_COLLECTED MATERIAL_.
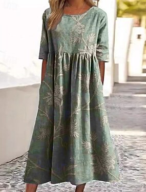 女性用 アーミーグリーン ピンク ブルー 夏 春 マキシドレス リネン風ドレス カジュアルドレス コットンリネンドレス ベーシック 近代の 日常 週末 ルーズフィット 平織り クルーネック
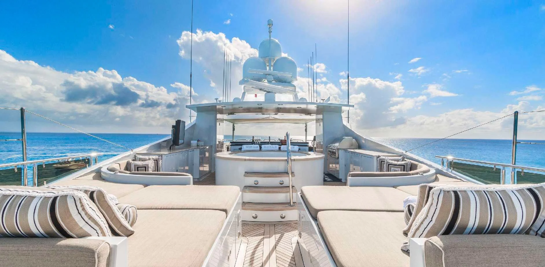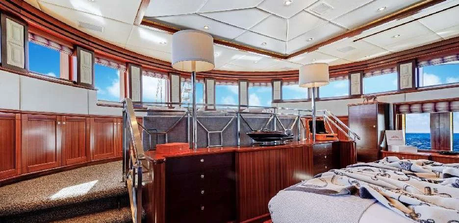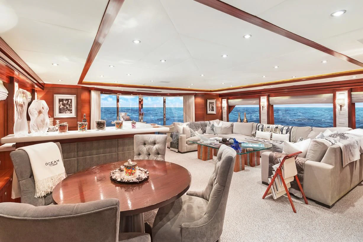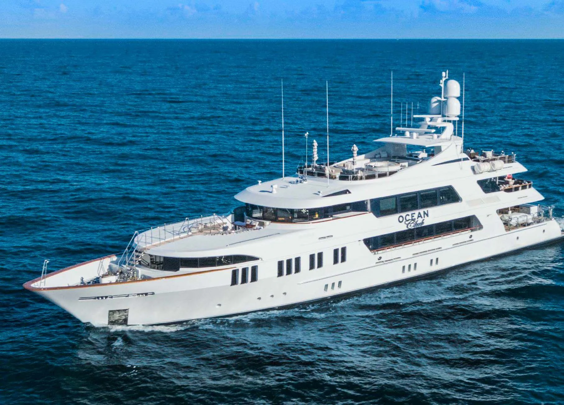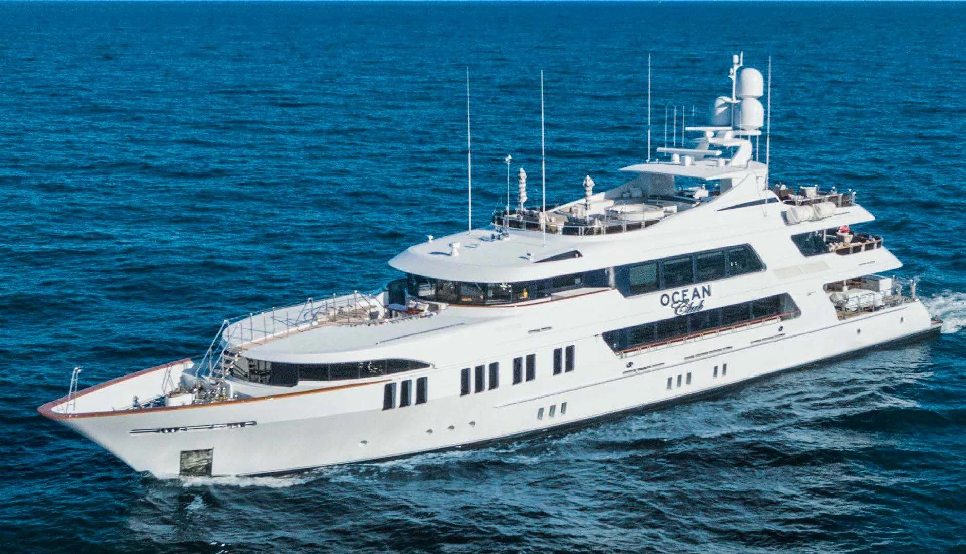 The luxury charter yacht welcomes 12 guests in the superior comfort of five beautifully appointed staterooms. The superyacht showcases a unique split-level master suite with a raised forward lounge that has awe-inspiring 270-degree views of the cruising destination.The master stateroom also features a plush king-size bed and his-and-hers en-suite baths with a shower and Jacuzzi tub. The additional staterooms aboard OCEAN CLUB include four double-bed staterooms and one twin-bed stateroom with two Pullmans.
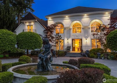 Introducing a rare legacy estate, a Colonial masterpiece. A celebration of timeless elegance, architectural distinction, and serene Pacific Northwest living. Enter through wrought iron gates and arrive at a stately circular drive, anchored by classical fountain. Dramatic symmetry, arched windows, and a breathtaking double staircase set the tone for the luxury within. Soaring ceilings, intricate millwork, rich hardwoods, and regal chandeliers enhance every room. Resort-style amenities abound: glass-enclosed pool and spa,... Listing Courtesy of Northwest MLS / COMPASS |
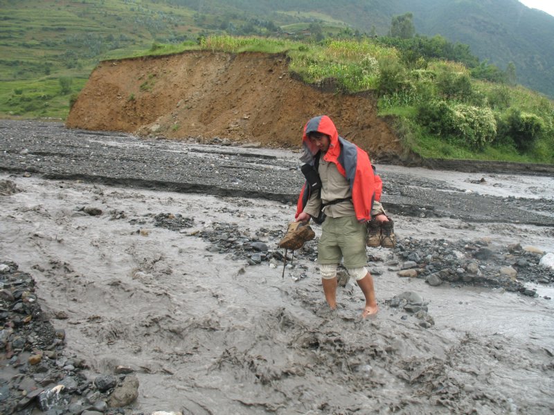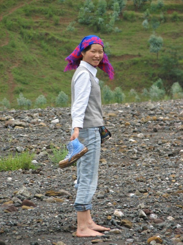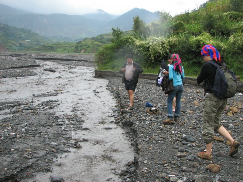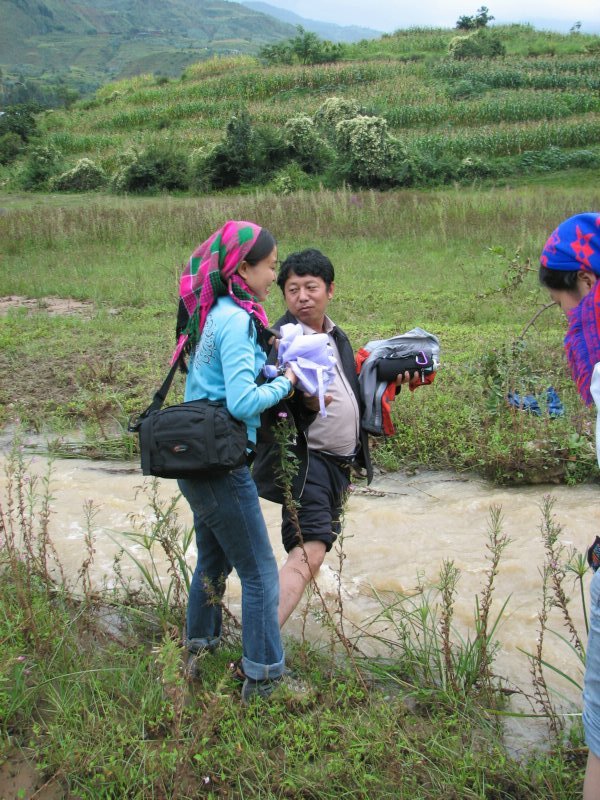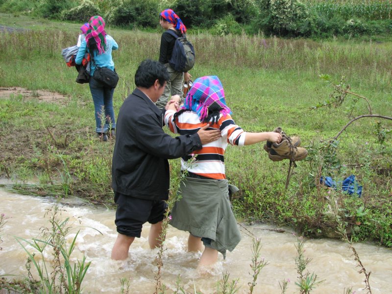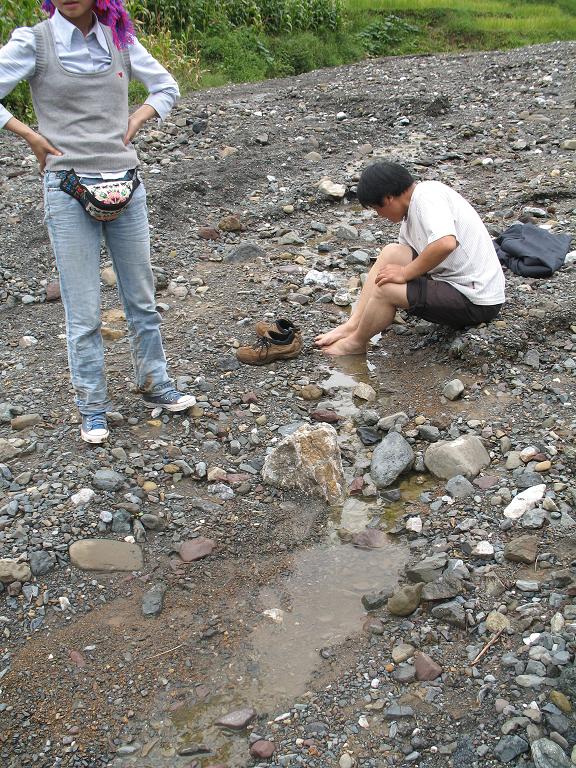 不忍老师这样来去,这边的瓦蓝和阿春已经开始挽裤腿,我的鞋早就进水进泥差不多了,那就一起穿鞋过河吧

_TASK PROMPT_. The needed output is the lines from the one with "Introducing a rare" through the end of the listing, written out exactly, both ends included, pictures excluded.

_RESPONSE AREA_.
 Introducing a rare legacy estate, a Colonial masterpiece. A celebration of timeless elegance, architectural distinction, and serene Pacific Northwest living. Enter through wrought iron gates and arrive at a stately circular drive, anchored by classical fountain. Dramatic symmetry, arched windows, and a breathtaking double staircase set the tone for the luxury within. Soaring ceilings, intricate millwork, rich hardwoods, and regal chandeliers enhance every room. Resort-style amenities abound: glass-enclosed pool and spa,... Listing Courtesy of Northwest MLS / COMPASS |
 不忍老师这样来去,这边的瓦蓝和阿春已经开始挽裤腿,我的鞋早就进水进泥差不多了,那就一起穿鞋过河吧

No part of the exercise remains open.